The president of Sudan has been allowed to leave a conference in Nigeria, despite the International Criminal Court calling for his "immediate arrest" on charges of genocide and war crimes, officials said Tuesday. 

Omar al-Bashir is accused of five counts of crimes against humanity, two counts of war crimes and three counts of genocide against the Fur, Masalit and Zagawa tribes in Darfur, where the U.N. estimates 200,000 people have been killed.

Two arrest warrants have been issued for the former army brigadier, who came to power in 1989 after leading a bloodless military coup.  

But while many African countries - including South Africa, Kenya and Malawi - have threatened to act on the warrant, Nigeria allowed him to attend Monday's one-day African Union HIV/Aids summit.

This was in keeping with 2009 vote by African Union states not to cooperate with ICC indictments, a Nigerian official told Reuters.

African enthusiasm for the court has waned over the years, partly owing to a perception that prosecutors disproportionately target African leaders - an accusation the ICC denies.  

Bashir's press secretary and his Nigerian hosts denied local media reports that he left the conference early.

"President Bashir returned normally to Khartoum after participating in the summit in Abuja to resume his work," Emad Said, told Reuters. 

The ICC noted that it could refer the Nigerian government to the U.N. Security Council for failing to execute an order of the court, of which Nigeria is a member.

A spokesman said a report would be written and the judges would ultimately decide on the appropriate course of action.   

Human rights groups in Nigeria had filed a suit with the Federal High Court in the capital Abuja, demanding he be arrested and handed over to the ICC.   

"The judiciary in this country has the responsibility to implement legal obligations created by treaties undertaken by Nigeria," the Nigeria Coalition on the International Criminal Court said in a statement.

But Chino Odiawu, a spokesman for the group, said that they hadn't been able to get a local warrant before al-Bashir left the country, although he was confident that it would have been granted.

"It was extremely frustrating," he said. "But we will keep going until we get justice for the people of Darfur."   

Nigeria has been forced in the past to hand over the former Liberian president, Charles Taylor, the warlord who began Sudan's devastating civil war in 1989.

The country had promised him a safe haven if he resigned, but in 2006 they succumbed to huge international pressure to hand him over.

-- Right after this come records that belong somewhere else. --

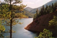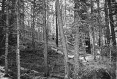 Steep canyon slopes above McClure Reservoir La Jicarita News recently accompanied Max Córdova, of La Montaña, and Dave Henderson, of the Audubon Society, on a tour of the restoration site. The watershed is at the top of Canyon Road, where Santa Fe's two supply reservoirs, Nichols and McClure, collect water from the surrounding steep mountain slopes. The restoration site owned by the city consists of lands immediately adjacent to the reservoirs, surrounded by national forest. The watershed has been closed to public access, resource extraction, and all natural and man-made fires have been suppressed since 1932. As a result, the area is badly overgrown with densely stocked, thin-diameter trees and doghair thickets. Córdova estimates that in the area where they are working there are 550 to 750 trees per acre, which they hope to reduce to around 220 trees per acre. He pointed out that the build-up of understory forest fuels (ladder fuels) could lead to a crown fire like the one that devastated Los Alamos. The area, which is approximately 8,000 feet in elevation, is covered with stands of ponderosa pine and mixed conifer. The La Montaña crew of six people has been thinning the area with chainsaws and snaking the trees down to the road with four-wheel all terrain vehicles. The contract stipulates that no trees larger than eight inches in diameter be cut, but allows the consulting professional forester to determine the prescription. Córdova pointed out that the cutting prescription has to be flexible in order to address site specific needs: "One formulaic prescription can't fit all."
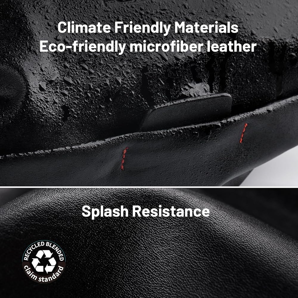 مواد صديقة للبيئة: تتميز بمتانة فائقة، وقوة للتمزق، ومقاومة للرذاذ والمرونة مقارنة بالجلد التقليدي، وجلد الألياف الدقيقة الصديق للبيئة، وقابل لإعادة التدوير وصديق للبيئة.
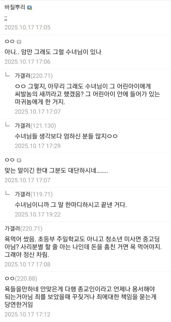 수녀님한테 "야발놈의 새끼"라는 소리 들었던 일

He was subsequently sentenced to 50 years in jail at the international Special Court for Sierra Leone in The Hague.  

Elise Keppler a Human Rights Watch spokeswoman, said al-Bashir "was feeling the heat of the intense pressure for his arrest.”

"Business as usual is over for this head of state suspected of the most serious crimes committed in Darfur,” she said. 

“Nigeria and other governments need to play their part in seeing justice done by taking him into custody and surrendering him to the ICC."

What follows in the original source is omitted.